Criminal Lawyers Scramble To Deal With New Challenges Amid Coronavirus
The coronavirus crisis is rapidly upending the practice of criminal law, as attorneys face new limits on private communication with clients.
“There are clients who truly have anxiety over the fact that they cannot meet with their lawyer,” said Sherry Levin Wallach, the deputy executive director of the Westchester County Legal Aid Society. “From a representation standpoint, you can’t shut down. In our business, criminal justice, you can’t just say, ‘Sorry, we’re closing Legal Aid.’”
Amid court closures and the indefinite postponement of nonessential court functions, many lawyers find themselves having to navigate new forms of advocacy for their clients –– preventing health risks on top of protecting legal rights.
“I had a Manhattan judge who wanted to detain a client, but I convinced him to let the client self-surrender,” said Isabelle Kirshner of Clayman & Rosenberg in NYC. “It’s dangerous for those entering the jails and for inmates already incarcerated. It’s a human petri dish inside the jails.”

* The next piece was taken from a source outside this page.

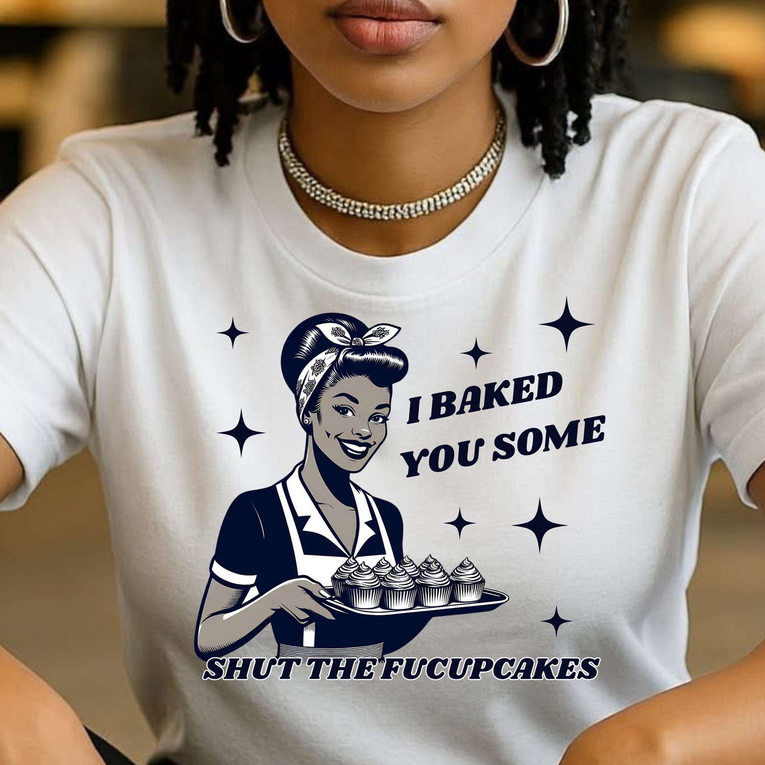 Serving up sass with a side of sweetness. This “Shut the Fucupcakes” PNG is the perfect mix of retro charm and modern attitude. Featuring a vintage-style pin-up baker holding cupcakes with a not-so-sweet message, this design is guaranteed to get laughs and turn heads.

On Sunday, David Perez, a New York City Department of Correction investigator, became the first city employee to die from the coronavirus. An employee at Sing Sing Correctional Facility in Ossining tested positive for the virus on Tuesday.
“What are you going to do if an inmate gets sick?” asks César de Castro, whose firm is located in New York City. “You’re going to put them in isolation, which is a punitive measure?”
Even while criminal defense lawyers focus on the implications of coronavirus for incarcerated clients, they are confronting their own risks. After coming into contact with another lawyer at Westchester County Courthouse who tested positive, Richard Ferrante, a lawyer based in White Plains, voluntarily self-quarantined for the recommended period of 14 days from exposure.
Although he is out of quarantine and asymptomatic, Ferrante remains vigilant of the evolving implications for his clients.
“Public health has to be the number one priority,” said Ferrante. “But the people in jail are the biggest concern, because of the liberties at stake.”
Balancing public health and individual rights presents novel challenges for lawyers in what is quickly becoming an indefinite state of emergency. Lawyers with clients awaiting trial in criminal cases are grappling with curtailed options for communicating. The New York State Unified Court System announced on Monday that defendants awaiting trial will either have their cases adjourned or conducted remotely through video conferencing.
“Video conferencing is not ideal,” said Wallach. “Currently as it exists, any video conferencing done with our clients is ‘on the blocks,’ meaning that for them it’s not private. Without that privacy, very little can get accomplished –– you can’t even do a full initial interview of an individual.”
Wallach noted New York’s new bail law as a silver lining. In New York State, the new bail reform law took effect on Jan. 1, eliminating pretrial detention and cash bail for most misdemeanors and nonviolent felonies –– an estimated 90 percent of arrests.
Wallach called the new bail law “a blessing to the system as many more people can and are being given appearance tickets, which reduces the need for off-hour arraignments and fewer people being held in custody.”
People who have been charged with felonies and are out on bail are adjourned until further notice, wrote Chief Administrative Judge Lawrence Marks.
De Castro, whose practice focuses on federal criminal defense, noted the different circumstances for federal cases. “Right now, I think detention is the huge issue. Because unlike New York City with bail reform and a lot of the jails being empty, we’re the opposite. Anybody who gets indicted on a narcotics conspiracy or anything related to a firearm, there’s a presumption of detention.”
Governor Cuomo made clear on Wednesday that he expects the number of coronavirus cases to peak around May 1.
“For me the question is: At what point do we say that this is really a violation of due process?” said Wallach. “You are dealing with people’s rights.”
Court closures are not unprecedented in New York. On the day of the Sept. 11 terror attacks, the courts closed statewide. State officials sought to reopen the courts as swiftly as possible to ensure their unimpeded operations in the face of terrorism, and all state courts resumed business by Sept. 17.
In 2012, state courts in Manhattan were closed for the week following Hurricane Sandy.
Coronavirus, by contrast, continues to spread nationally and around the world, with many health officials concerned about the lag-time between transmission and testing.
“The most surreal moment I’ve experienced is 9/11, seeing the smoke from the towers,” Ferrante said. “But you knew there was an end in sight. If you had said a week ago that we’d be in this position, I would have said it won’t go that far.”